╔══

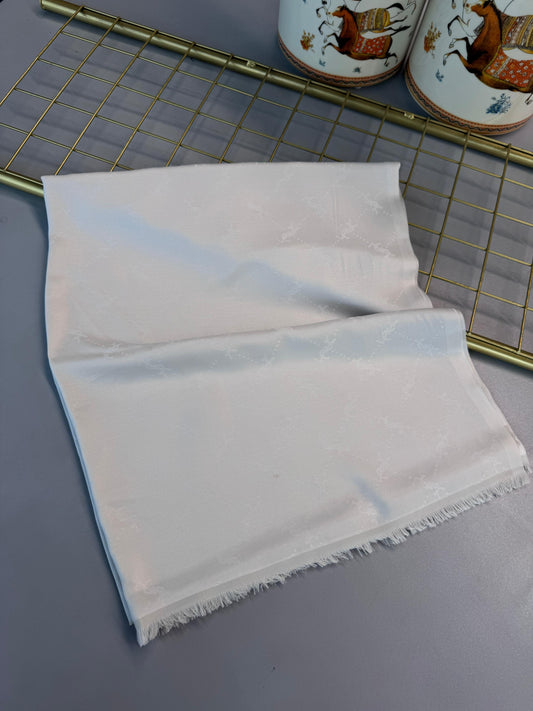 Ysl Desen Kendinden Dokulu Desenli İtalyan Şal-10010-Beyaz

╚══
╔══

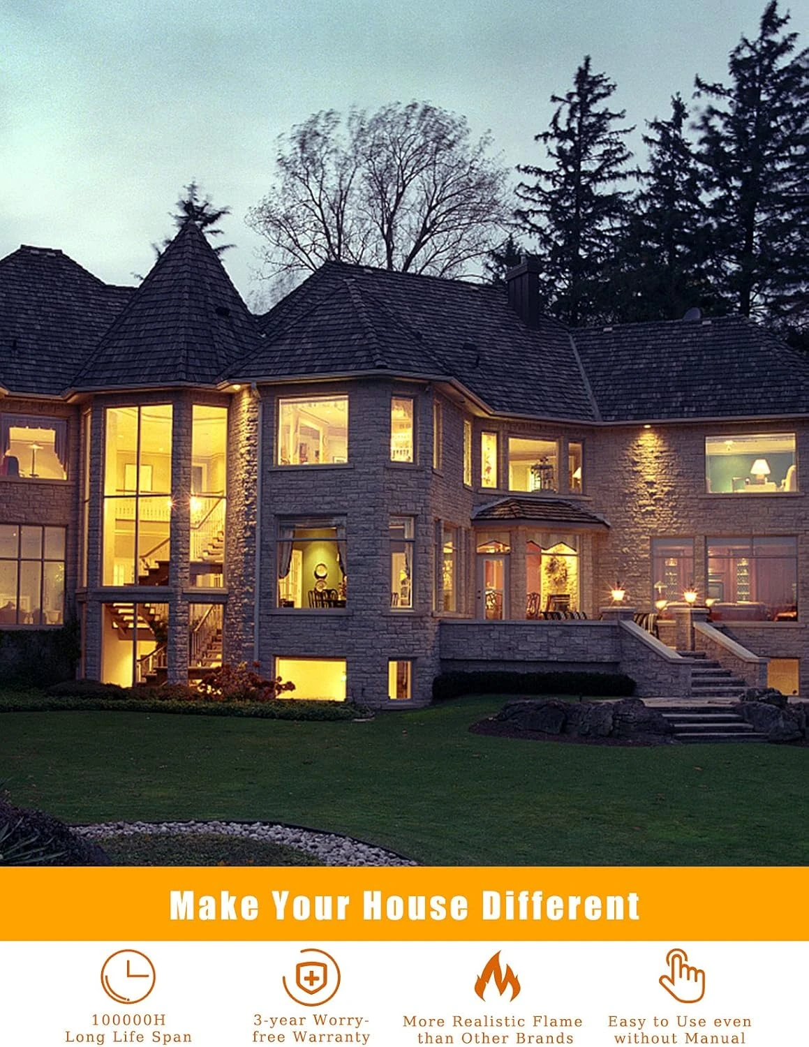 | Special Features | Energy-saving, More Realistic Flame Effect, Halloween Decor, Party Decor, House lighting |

╚══
╔══

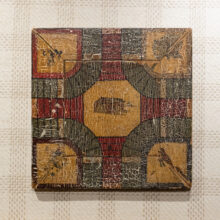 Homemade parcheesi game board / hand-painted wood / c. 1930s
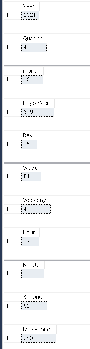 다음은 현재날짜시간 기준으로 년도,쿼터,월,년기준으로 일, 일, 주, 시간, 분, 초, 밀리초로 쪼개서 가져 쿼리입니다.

╚══

BRIEF:
From the line with "Homemade parcheesi game" up to and including the line with "다음은 현재날짜시간 기준으로" above, retype every line exactly and nothing more; leave out the pictures.

RESULT BELOW:
 Homemade parcheesi game board / hand-painted wood / c. 1930s
 다음은 현재날짜시간 기준으로 년도,쿼터,월,년기준으로 일, 일, 주, 시간, 분, 초, 밀리초로 쪼개서 가져 쿼리입니다.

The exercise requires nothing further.